The result was that ordinary Iranian citizens, both men and women, inevitably began to feel the presence and intervention of the state in their most private daily affairs. The state did not merely punish criminals who threatened the lives and safety of the populace; it was there to control the people, to flog and jail them for wearing nail polish, Reebok shoes, or lipstick; it was there to watch over young girls and boys appearing in public. In short, what was attacked and confiscated were the individual and civil rights of the Iranian people.

–Azar Nafisi, The Stuff that Dreams are Made Of, in My Sister, Guard Your Veil; My Brother, Guard Your Eyes: Uncensored Iranian Voices (2006; ISBN 0807004634), pp. 2–6.

Happy Bastille Day

There aren’t many so-called national holidays worth celebrating — most of them are nothing more than the high holy days on a theo-nationalist liturgical calendar, in which the Nation is the Church, the State is God, and the minions of the Government are the Saints that you’re expected to venerate. (See, for example, Presidents’ Day, Memorial Day, Veterans’ Day, Columbus Day, etc.) There are some glorious exceptions, though, and today is one of them.

Liberté, liberté cherie,
Combats avec tes defénseurs …

Break the jails and bury the chains.

Democracy in Iraq #2

BAGHDAD, Iraq — Iraq’s parliament speaker Thursday accused Jews of financing acts of violence in Iraq in order to discredit Islamists who control the parliament and government so they can install their agents in power.

Mahmoud al-Mashhadani hinted that the Americans and Israelis did not want to see officials of Sunni and Shi’ite parties running the country because this is not their agenda.

They will say that we brought you in a democratic way to the government but you are sectarian people. One of you is killing the other and you don’t deserve to become leaders because you are war lords, al-Mashhadani told reporters after a parliament meeting.

Al-Mashhadani is a member of the Sunni Muslim Iraqi Accordance Front while Prime Minister Nouri al-Maliki is a member of the Shi’ite Dawa party.

Some people say we saw you beheading, kidnappings and killing. In the end we even started kidnapping women who are our honor, al-Mashhadani said. These acts are not the work of Iraqis. I am sure that he who does this is a Jew and the son of a Jew.

I can tell you about these Jewish, Israelis and Zionists who are using Iraqi money and oil to frustrate the Islamic movement in Iraq and come with the agent and cheap project.

No one deserves to rule Iraq other than Islamists, he said.

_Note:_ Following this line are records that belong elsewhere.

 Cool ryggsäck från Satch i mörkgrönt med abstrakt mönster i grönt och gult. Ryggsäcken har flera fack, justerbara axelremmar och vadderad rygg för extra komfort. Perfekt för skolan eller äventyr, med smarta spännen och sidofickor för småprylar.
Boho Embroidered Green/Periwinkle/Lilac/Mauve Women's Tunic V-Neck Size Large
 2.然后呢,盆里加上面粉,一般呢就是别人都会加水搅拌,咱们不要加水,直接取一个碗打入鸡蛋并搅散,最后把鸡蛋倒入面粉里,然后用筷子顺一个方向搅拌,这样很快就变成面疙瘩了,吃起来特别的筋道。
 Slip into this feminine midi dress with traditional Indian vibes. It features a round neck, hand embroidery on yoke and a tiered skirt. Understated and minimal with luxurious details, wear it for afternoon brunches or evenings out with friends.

— Ha’aretz (2006-07-13): Iraqi parliament speaker: Jews finance acts of violence in Iraq

What is there even to say at this point to the bellowing blowhards, who continue to act as if the United States government’s ongoing political and material support for this government in Iraq is anything less than a moral crime? The problem with sarcasm is that it’s not bitter enough under the circumstances.

(Link courtesy of David T. Beito at Liberty and Power.)

Proportionality

From Israel:

Hezbollah also claimed to have fired a volley of rockets on northern Israel early on Thursday. Israel said one woman was killed.

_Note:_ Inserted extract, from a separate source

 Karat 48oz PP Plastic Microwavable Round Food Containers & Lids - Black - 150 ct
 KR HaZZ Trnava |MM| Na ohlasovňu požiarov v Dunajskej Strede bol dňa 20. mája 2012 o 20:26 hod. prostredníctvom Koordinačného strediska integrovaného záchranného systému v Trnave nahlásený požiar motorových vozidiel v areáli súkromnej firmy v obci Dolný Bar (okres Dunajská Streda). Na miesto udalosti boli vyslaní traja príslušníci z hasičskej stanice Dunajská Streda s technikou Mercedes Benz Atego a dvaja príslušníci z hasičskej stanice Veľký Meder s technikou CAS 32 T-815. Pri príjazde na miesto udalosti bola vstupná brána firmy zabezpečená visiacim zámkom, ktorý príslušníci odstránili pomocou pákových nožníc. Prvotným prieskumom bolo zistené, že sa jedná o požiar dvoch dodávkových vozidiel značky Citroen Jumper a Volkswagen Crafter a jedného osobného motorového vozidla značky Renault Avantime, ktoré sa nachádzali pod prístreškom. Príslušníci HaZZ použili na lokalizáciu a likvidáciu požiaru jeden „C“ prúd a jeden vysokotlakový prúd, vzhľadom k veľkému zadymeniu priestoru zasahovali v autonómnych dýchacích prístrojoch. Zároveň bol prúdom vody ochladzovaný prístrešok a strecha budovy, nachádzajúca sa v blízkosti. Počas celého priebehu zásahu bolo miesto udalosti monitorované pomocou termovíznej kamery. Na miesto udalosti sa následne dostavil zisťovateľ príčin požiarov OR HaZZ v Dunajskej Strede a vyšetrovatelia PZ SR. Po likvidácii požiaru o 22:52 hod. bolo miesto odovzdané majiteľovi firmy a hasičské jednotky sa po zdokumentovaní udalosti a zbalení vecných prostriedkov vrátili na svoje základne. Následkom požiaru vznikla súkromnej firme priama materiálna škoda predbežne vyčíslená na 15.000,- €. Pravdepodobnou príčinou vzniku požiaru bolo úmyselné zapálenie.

The killing of eight soldiers and the capture of another two by Hezbollah militants in fighting on the volatile Israel-Lebanon border on Wednesday opened up a dangerous new front in the Middle East conflict.

This was an act of war without any provocation on the sovereign territory… of the state of Israel, said Olmert, facing the most serious test of his leadership since his government took office in May.

Israel must respond with the necessary severity to this act of aggression… Israel will respond aggressively and harshly to those who carried out, and are responsible for, today’s action, a cabinet statement said.

— News24 2006-07-13: Israel bombs Beirut airport

From Lebanon:

Fighter jets swooped in on the airport, firing missiles on two runways, forcing the diversion of flights to neighbouring Cyprus and the closure of the newly renovated airport.

Lebanese police said 27 civilians, including 10 children, were also killed in a wave of Israeli attacks on the south on Thursday after the Hezbollah action that Israeli Prime Minister Ehud Olmert branded an act of war.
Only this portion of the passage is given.